My mother has been more open with me during the past couple days than ever. She’s been telling me about the plans for setting up quarantine zones and stopping the spread of the virus, essentially cancelling the apocalypse. Just a few weeks ago, she would have brushed all this off as confidential.
Jessica hasn’t let David out of her sight, though he claims he’s fine.  Even though little Rachel is too young to understand why we’re all so on edge, she knows that her brother is upset, and has been clinging to him all day. It makes me much less worried to know that his family is watching out for him.
10/7
We have finally reached Eden. It isn’t so much a picturesque garden as a military fort, but it’s safe. We were thoroughly examined before they even let us through the gates, until at last the doctors confirmed Mom’s theory that we hadn’t been exposed. Dad was taken to another medical building to get his injury properly treated. I saw another doctor promising Jessica that they offered grief counselling.
An armed man in a uniform led us to our new house, a four bedroom, built to house two families. Everything inside is mass produced and uniform, but I’m sure it will develop some character.
We were barely given time to set our bags down before we were herded into an administrative building. There we were given our schedules and grilled on the rules of the facility, which pretty much boiled down to “no one enters or leaves without authorization”, and “if you leave you will get infected and die”.
After hours of orientation, I finally had a chance to go down to the barn. Magnolia’s old Amish training had been put to use for the past few weeks, all the fields are plowed with horses rather than machines in order to save gas. She was out in a paddock with a few other draft horses, and came trotting up to the fence as soon as I called for her. I stayed at the barn visiting with Magnolia until the sun started to go down, then went to the cafeteria for dinner.

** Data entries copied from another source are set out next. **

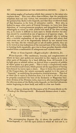 | Keywords: The Quarterly journal of the Geological Society of London (12711710663).jpg 424 <br> PROCEEDINGS OF THE GEOLOGICAL SOCIETY Apr 4 <br> the various angles of inclination which they present to the miner who <br> explores them This tract oifers clear evidence that the porphyritic <br> eruptions were not only violent but successive and numerous during <br> the period of the Rothe-todte-liegende and that they overflowed strata <br> of that formation in the form of submarine coulees Here also as <br> indeed in many other parts of Central Germany we learn how these <br> dejections of contemporaneous porphyry and amygdaloid have been <br> occasionally so mixed up with pebbles and sand of the then existing <br> sea as to render it difficult in such cases to decide whether the stra- <br> tum should be considered as one of igneous or of aqueous origin In <br> all such extreme examples however the geologist who is seeking <br> after a truthful explanation of the works of nature will admit that <br> such strata are not to be dogmatically defined by one mineral term <br> only but that like the volcanic grit or ash of earlier periods they are <br> to be viewed as true indications of the internal heat of the crust which <br> in bursting forth repeatedly gave rise to those peculiar deposits which <br> resulted from a combination of subaqueous and volcanic causes <br> Weiss- or Grau-liegende Kupfer-schiefer Zechstein c <br> Weiss-liegende The sandstones breccias and conglomerates of <br> which we have just spoken are succeeded in this region as in many <br> other parts of Germany by a band differing from all beneath it in <br> its light grey or whitish colour as derived from a quantity of pebbles <br> of white quartz in a grey paste This is truly a conglomerate made <br> up of rounded small stones which present all the appearance of having <br> been formed by waves upon a shore Since it forms the natural base <br> of the Copper-slate the miners necessarily applied to it the name of <br> ' liegende as underlying the productive mineral stratum This bed <br> or band for it varies in thickness from 3 or 4 feet to 30 or 40 may <br> be properly considered the base of the Zechstein or Magnesian lime- <br> stone division of the Permian rocks since in it after ascending through <br> the siliceous strata of the Rothe-todte-liegende we first find calcareous <br> matter beginning to show itself and with it a few rare fossils <br> Fig 4 Diagram showing the Succession of the Fermian Rocks on the <br> Flanks of the Thuringerwald Horizontal distance about 4 miles <br> d Lower Bunter eS Sandschiefer <br> c4 Upper Zechstein Dolomite <br> / 3 Lower Zechstein Permian <br> c2 Kupfer-schiefer j Rocks <br> cl Weiss-liegende <br> b Rothe-todte-liegende J <br> a Coal-strata Upper Coal <br> p Porphyry <br> The accompanying diagram fig 4 shows the position of this <br> Weiss-liegende c ; and the open section in which we best saw it as 35615012 110213 51125 Page 424 Text v 11 http //www biodiversitylibrary org/page/35615012 1855 Geological Society of London Biodiversity Heritage Library The Quarterly journal of the Geological Society of London v 11 1855 Geology Periodicals Smithsonian Libraries bhl page 35615012 dc identifier http //biodiversitylibrary org/page/35615012 smithsonian libraries Information field Flickr posted date ISOdate 2014-02-23 Check categories 2015 August 26 CC-BY-2 0 BioDivLibrary https //flickr com/photos/61021753 N02/12711710663 2015-08-26 20 58 15 cc-by-2 0 PD-old-70-1923 The Quarterly journal of the Geological Society of London 1855 Photos uploaded from Flickr by FĂŚ using a script |
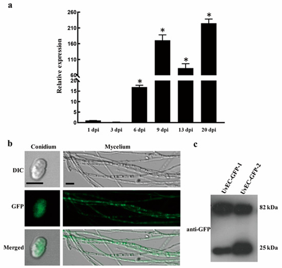 We next examined the relative expression of UvEC1 over the course of the infection process by U. virens using RT-qPCR, using samples from infected spikelets collected at 1, 3, 6, 9, 13 and 21 dpi (Figure 6a). We found that UvEC1 is highly expressed at 9 dpi and 20 dpi, with a 2- to 3-fold drop at 13 dpi. These results suggest that UvEC1 is differently expressed during the infection process and is likely important for the pathogenicity of U. virens.
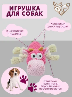Игрушка для собаки и щенков плюшевая пищалка грызунок корова

After getting my food, I found my parents at one of the long tables, sitting with David and Janet’s families. I was overjoyed to finally see my friend again, and couldn’t wait for her to meet David. He seemed a little better now, after meeting with one of the counselors for a while.
We stayed in the cafeteria until they forced us to leave. Janet and I spent ages catching up, and while David stays quieter than the rest of us, he still seems happy to be here.
I felt more secure then, surrounded by my newfound family, than I have since we left home. The world outside is a shadow of it’s former self, but behind the walls of Eden, there is hope. In here, there is a future.


The author's comments:

This is a school project I did, which was inspired by the novels Station Eleven, and Life as We Knew It. The actual title that I turned it in as is just "Eden",  but that was too short to use for Teen Ink.